The downregulation of so-called heat shock genes, which promote the proper function of protein-making in our cells, was most affected, some with two-times lower activity after Hurricane Maria.

These genes have also been implicated in cardiovascular and Alzheimer’s disease.

Remarkably, they found a strong correlation in the hurricane exposure and ageing effects on gene expression, where the effect of the hurricane was similar to the effect of the immune system getting older.

To understand how the hurricane may have affected amounts of immune cell populations, they looked at profiles from single-cell RNA sequencing to identify genes that are preferentially expressed in key immune cell types.

“Overall, cell-specific markers of canonical pro-inflammatory immune cells, such as CD14+ monocytes, had higher expression in older individuals and those that experienced the hurricane,” said Snyder-Mackler.

“Further, expression of helper T-cell genes, an anti-inflammatory cell type, decreased in older animals and those after the hurricane.

“Together, this possibly implicates more inflammatory activity in animals after storm, similar to what we see in older individuals.”

Getting under the skin

From their long-term studies, as part of a collaboration with the Caribbean Primate Research Center, University of Pennsylvania, University of Exeter and New York University, they had four years of data prior (n = 435) and one year after (n = 108) Hurricane Maria.

They hypothesised that exposure to the hurricane would recapitulate molecular changes associated with the natural process of ageing.

“Our findings suggest that differences in immune cell gene expression in individuals exposed to an extreme natural disaster were in many ways similar to the effects of the natural ageing process,” said Snyder-Mackler.

“We also observed evidence for accelerated biological ageing in samples collected after animals experienced Hurricane Maria.”

Watowich added: “Importantly, we identify a critical mechanism – immune cell gene regulation – that may explain how adversity, specifically in the context of natural disasters, may ultimately ‘get under the skin’ to drive age-associated disease onset and progression.”

Interestingly, not all monkeys responded similarly to the hurricane. For example, some monkeys’ biological ages increased much more than others.

The team hypothesises that there may be other aspects of the monkeys’ environment that can influence their response to adversity.

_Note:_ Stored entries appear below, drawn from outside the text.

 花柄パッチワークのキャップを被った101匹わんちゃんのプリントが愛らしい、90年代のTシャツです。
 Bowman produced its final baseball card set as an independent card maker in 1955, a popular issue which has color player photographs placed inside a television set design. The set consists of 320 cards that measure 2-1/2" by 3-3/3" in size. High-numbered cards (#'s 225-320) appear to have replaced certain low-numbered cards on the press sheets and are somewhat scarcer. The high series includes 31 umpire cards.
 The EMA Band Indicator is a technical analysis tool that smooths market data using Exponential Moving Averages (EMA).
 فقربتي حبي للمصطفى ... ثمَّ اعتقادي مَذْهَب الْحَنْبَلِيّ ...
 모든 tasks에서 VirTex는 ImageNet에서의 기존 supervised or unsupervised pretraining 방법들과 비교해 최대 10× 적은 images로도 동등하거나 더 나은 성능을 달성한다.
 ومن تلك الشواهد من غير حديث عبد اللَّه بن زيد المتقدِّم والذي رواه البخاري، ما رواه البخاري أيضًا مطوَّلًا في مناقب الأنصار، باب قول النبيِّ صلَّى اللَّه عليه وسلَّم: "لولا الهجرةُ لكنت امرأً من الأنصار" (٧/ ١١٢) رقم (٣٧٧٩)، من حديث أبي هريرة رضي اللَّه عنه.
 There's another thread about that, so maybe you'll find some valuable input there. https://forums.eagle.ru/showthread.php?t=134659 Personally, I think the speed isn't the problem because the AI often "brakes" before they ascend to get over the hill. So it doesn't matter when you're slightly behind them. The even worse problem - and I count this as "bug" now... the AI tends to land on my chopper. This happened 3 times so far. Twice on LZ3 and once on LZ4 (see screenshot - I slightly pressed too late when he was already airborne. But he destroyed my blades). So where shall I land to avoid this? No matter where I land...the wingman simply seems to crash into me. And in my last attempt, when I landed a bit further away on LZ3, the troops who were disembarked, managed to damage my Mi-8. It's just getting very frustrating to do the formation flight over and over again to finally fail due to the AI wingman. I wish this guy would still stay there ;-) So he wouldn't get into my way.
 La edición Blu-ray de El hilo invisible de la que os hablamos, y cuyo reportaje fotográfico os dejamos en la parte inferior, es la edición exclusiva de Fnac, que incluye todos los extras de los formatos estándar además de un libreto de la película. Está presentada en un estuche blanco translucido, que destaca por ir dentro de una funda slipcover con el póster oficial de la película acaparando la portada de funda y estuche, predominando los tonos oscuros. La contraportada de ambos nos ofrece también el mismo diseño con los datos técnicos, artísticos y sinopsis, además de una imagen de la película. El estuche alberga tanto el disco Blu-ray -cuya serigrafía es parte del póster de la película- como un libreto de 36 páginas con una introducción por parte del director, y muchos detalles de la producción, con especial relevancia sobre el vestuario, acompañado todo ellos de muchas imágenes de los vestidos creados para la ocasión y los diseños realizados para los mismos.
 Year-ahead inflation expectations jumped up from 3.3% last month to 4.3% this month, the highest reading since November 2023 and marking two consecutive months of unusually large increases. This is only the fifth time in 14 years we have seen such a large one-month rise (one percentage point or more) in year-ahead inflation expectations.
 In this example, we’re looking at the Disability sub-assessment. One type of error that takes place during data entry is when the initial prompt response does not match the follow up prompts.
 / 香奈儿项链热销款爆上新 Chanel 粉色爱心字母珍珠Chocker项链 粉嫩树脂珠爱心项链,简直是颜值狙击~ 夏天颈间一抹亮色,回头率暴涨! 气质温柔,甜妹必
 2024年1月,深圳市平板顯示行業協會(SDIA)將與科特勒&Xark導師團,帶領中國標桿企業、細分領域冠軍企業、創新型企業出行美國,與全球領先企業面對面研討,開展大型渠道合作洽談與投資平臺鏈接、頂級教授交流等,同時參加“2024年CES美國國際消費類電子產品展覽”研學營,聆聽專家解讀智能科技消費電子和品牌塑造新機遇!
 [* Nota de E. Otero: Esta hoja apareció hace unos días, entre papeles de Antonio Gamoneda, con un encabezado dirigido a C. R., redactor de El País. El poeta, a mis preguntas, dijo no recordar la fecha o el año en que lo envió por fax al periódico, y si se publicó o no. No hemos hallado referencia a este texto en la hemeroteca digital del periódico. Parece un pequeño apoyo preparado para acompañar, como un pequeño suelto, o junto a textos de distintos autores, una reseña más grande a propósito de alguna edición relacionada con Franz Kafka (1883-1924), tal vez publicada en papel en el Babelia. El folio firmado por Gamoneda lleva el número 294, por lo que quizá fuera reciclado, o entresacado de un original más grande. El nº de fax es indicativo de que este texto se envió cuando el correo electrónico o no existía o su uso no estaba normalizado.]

For example, social support might play a critical role.

“Social support can buffer humans and other animals from the consequences of adverse events,” said Professor Lauren Brent, of the University of Exeter.

“Socially integrated people – and monkeys – live longer, healthier lives.”

The study did have its limitations, foremost, that they could not measure ageing rates within the same individuals before or after the hurricane.

For future studies, they hope the work can expand to include longer-term studies of for every individual within a population to learn more about the intersection between biological ageing, adversity and social structures and in the face of a natural disaster.

Lastly, they hope their results will encourage efforts to develop a better understanding of ageing and adversity and one day, even a successful mitigation strategy to lessen the toll from natural disasters.

“Next steps in our work will be to investigate if social factors influence the pace of ageing following natural disaster,” Professor Brent said.